Russia has vowed to retaliate if Norway invites the United States to more than double the number of Marines stationed in the country.

In a statement on its Facebook page, the Russian Embassy said it made the Scandinavian country "less predictable", while warning it "could cause growing tensions, triggering an arms race and destabilising the situation in northern Europe,”

It added: “We see it as clearly unfriendly, and it will not remain free of consequence.”

The response came after Oslo announced earlier this week that it would ask the US, its Nato ally, to send 700 marines to train in Norway from 2019. There are around 330 US Marines in Norway at present.

Norway said the additional troops would be based closer to the Russian border.

Oslo has grown increasingly concerned about Russia following Moscow’s annexation of Crimea from Ukraine in 2014.

However, it said it does not consider its much larger neighbour a direct threat.

Russian military hardware on display at the Victory Day parade 2018

The US Marines were scheduled to leave at the end of the year, after an initial contingent arrived in January 2017 to train for winter conditions.

They were the first foreign troops to be stationed in Norway since the Second World War.

The country’s foreign minister, Ine Eriksen Soereide, said the decision did not constitute the establishment of a permanent US base in Norway.

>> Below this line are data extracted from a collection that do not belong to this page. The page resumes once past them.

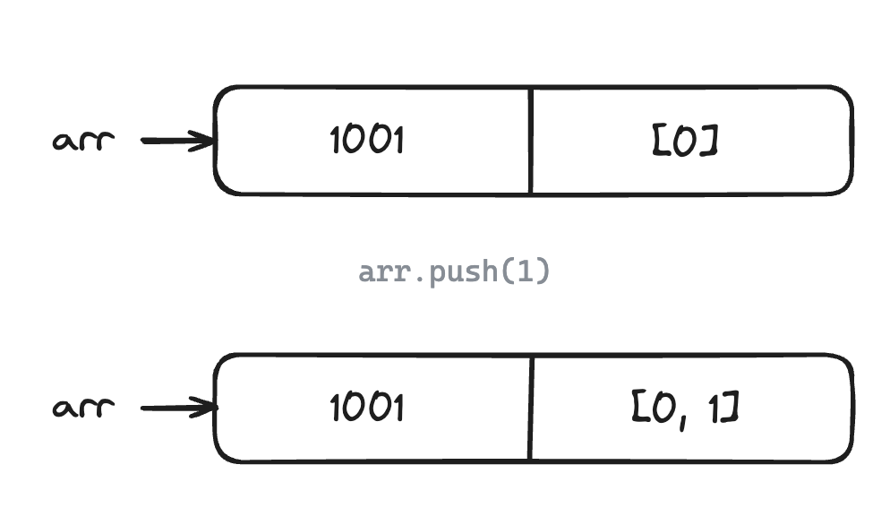 불변성 X : 메모리에서 값이 바로 바뀜
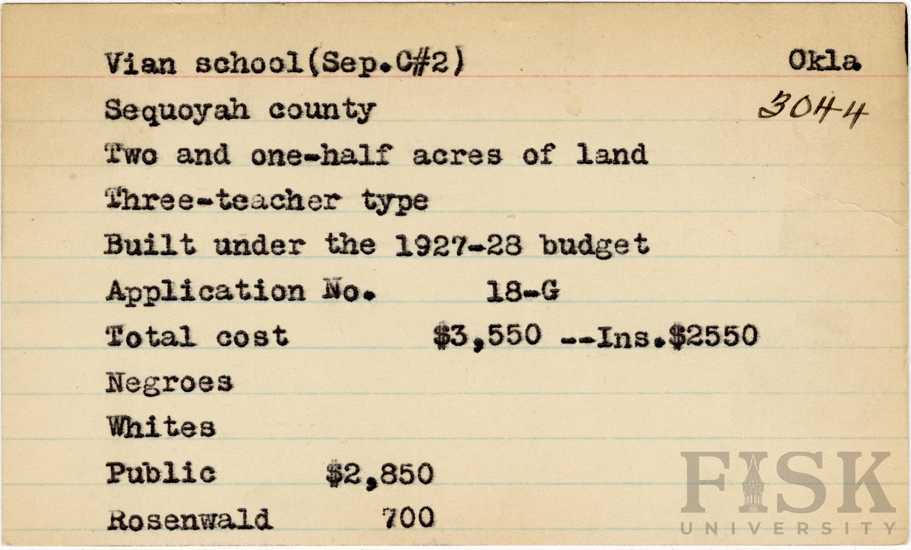- School card from Rosenwald Fund for Vian School in Sequoyah County, Oklahoma with a section added to the budget contributions that says, "Ins. $2,550"
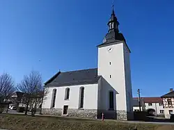 Die barocke Saalkirche wurde errichtet, nachdem der Vorgängerbau am 29. August 1726 bei einem verheerenden Brand im Dorf zerstört wurde. Die Grundsteinlegung war am 15. September 1728, die Einweihung am 5. November 1730. Die Kirche wurde 1816, 1879 und zuletzt 1991 renoviert. Das schmale Langhaus hat drei Achsen und ist mit einem schiefergedeckten Satteldach bedeckt. Die Längsseiten haben schmale hohe Fenster, ebenso das Erdgeschoss des Chorturms. Der massige Chorturm hat vier Geschosse und trägt eine schiefergedeckte Haube, die von einer Laterne gekrönt ist.
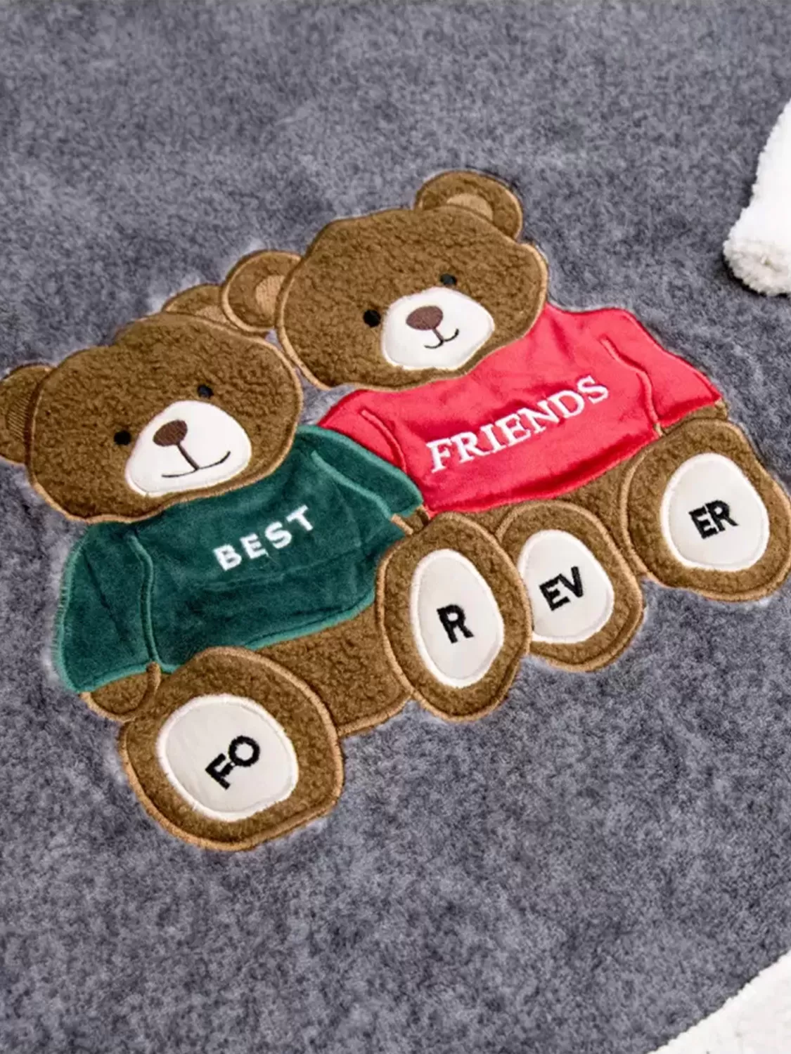 Plaid realizzato in morbido pile con retro agnellato con motivo orsetti best friends.
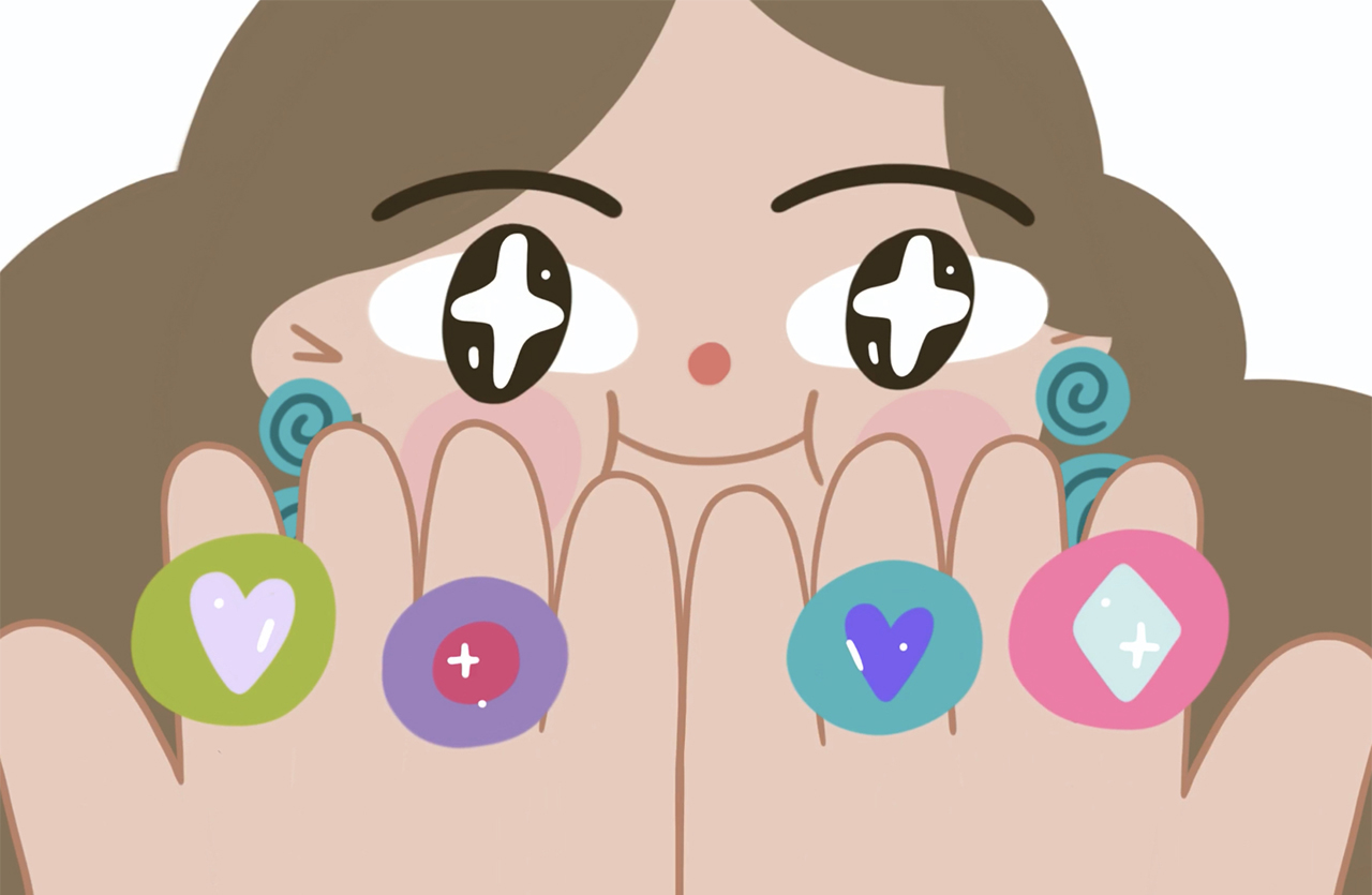 Frame animation of a cute girl trying on sparkly rings and earrings.

“There are no American bases on Norwegian soil,” she said.

In addition, the US wants to build infrastructure which could accommodate up to four US fighter jets at a base 40 miles south of Oslo, as part of a European deterrence initiative launched after Russia annexation of Crimea.

Norway said the expanded invitation was about Nato training and improving winter fighting capability.

“Allies get better at training together,” the country’s defence minister, Frank Bakke-Jensen, said.

The initial decision to welcome the Marines prompted Moscow to say it would worsen bilateral relations and escalate tensions on Nato’s northern flank.

Russia’s Northern Fleet launched a large naval exercise in the Arctic Barents Sea. Later this year, Norway will host its biggest Nato manoeuvre in decades.